The Seattle ordinance raises difficult and important First Amendment questions, which should not be dismissed out of hand, the way the panel has done. Without any basis, the panel falsely dichotomizes facial overbreadth and as-applied challenges from the start, and creates a First Amendment test that effectively immunizes the Seattle ordinance, and others like it, from facial challenge. It is especially troubling that the panel gives such short shrift to plaintiffs' facial overbreadth claims, because the Seattle ordinance targets street people, who are among the most powerless in our society. If the real purpose of the ordinance were to combat sidewalk congestion, then the ordinance would have targeted all obstacles to pedestrian traffic. But the ordinance has an express exception allowing people to sit on the sidewalk, so long as they do so on a chair supplied by a merchant. Seattle Mun. Code § 15.48.040(B)(4). Thus, those deemed "desirable" by shopkeepers may sit on the sidewalk and obstruct pedestrian traffic all day long, drinking their cappuccinos and reading their Wall Street Journals to their hearts' content. But someone with an unpopular political message or an unsightly beggar symbolizing the failure of our society to achieve economic justice, may not sit, even to add power and content to his message. As Judge Pregerson said in dissent to the panel's decision, "Seattle seeks economic preservation by ridding itself of social undesirables — homeless or otherwise — who sit or lie on the sidewalks, and this is done to protect the sensibilities of shoppers." Roulette, 78 F.3d at 1432 (Pregerson, J., dissenting). Yet "a bare . . . desire to harm a politically unpopular group cannot constitute a legitimate governmental interest." Romer v. Evans, ___ U.S. ___, 116 S.Ct. 1620, 134 L.Ed.2d 855 (1996) (quoting Department of Agriculture v. Mareno, 413 U.S. 528, 534, 93 S.Ct. 2821, 2825-26, 37 L.Ed.2d 782 (1978)).
Seattle Mun. Code, § 15.48.040 provides:
B. Exceptions. The prohibition [against sitting and lying established by the ordinance] shall not apply to any person . . . (4) sitting on a chair or bench located on the public sidewalk which is supplied by a public agency or by the abutting private property owner . . .
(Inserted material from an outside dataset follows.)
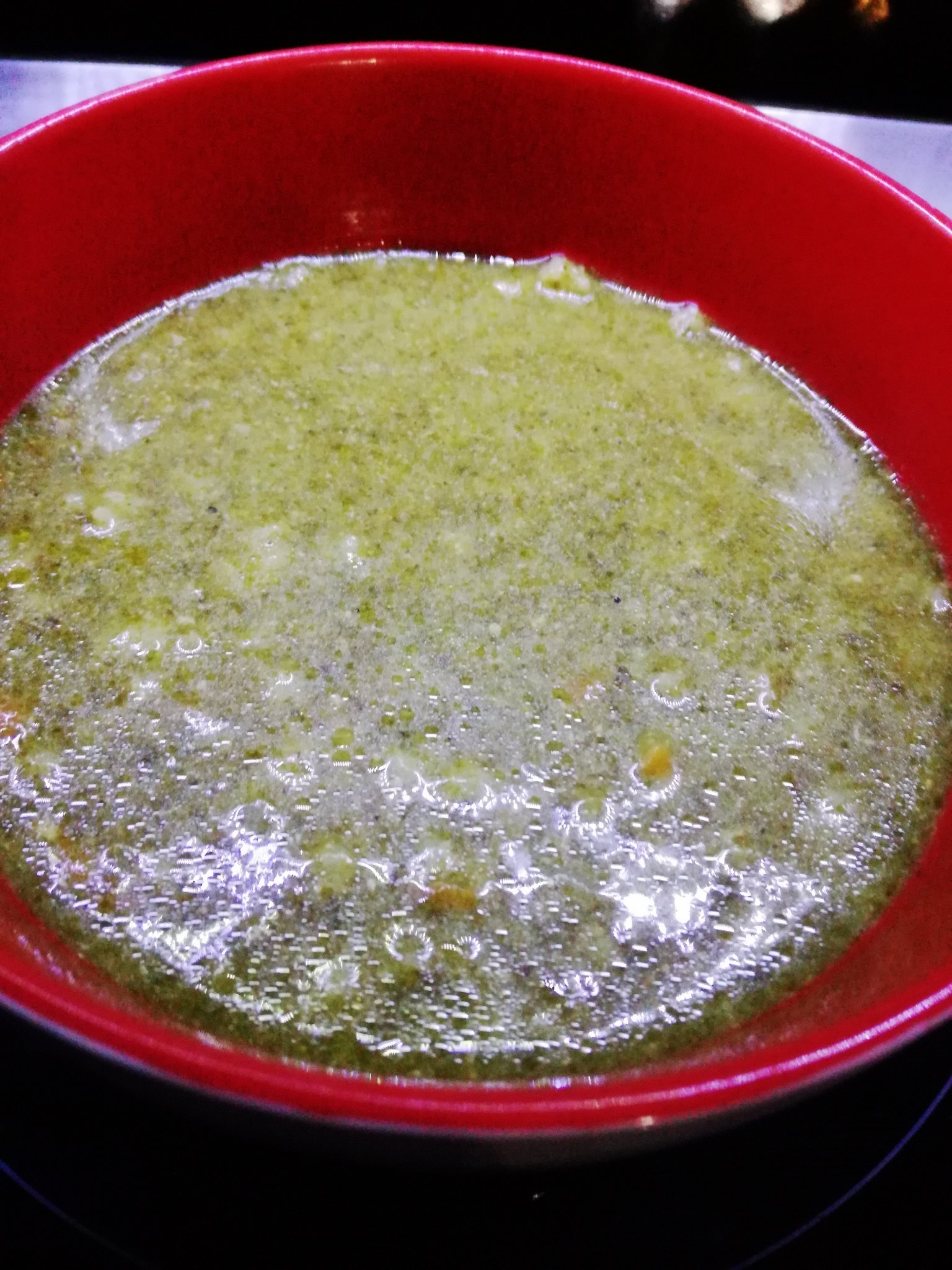 Супа от спанак.Не изглежда добре,но беше вкусна.Правих я с пюре от спанак и за това е такава.

Pedestrian safety and the free flow of pedestrian traffic in commercial centers are legitimate municipal concerns. No one argues that cities cannot address the problem of congestion through carefully tailored ordinances. However, municipalities must respect the First Amendment when they formulate their ordinances, and it is our job, in deciding cases such as this one, to provide them guidance in doing so. Roulette offers no guidance to any municipality trying to fashion a remedial ordinance that is consistent with First Amendment values.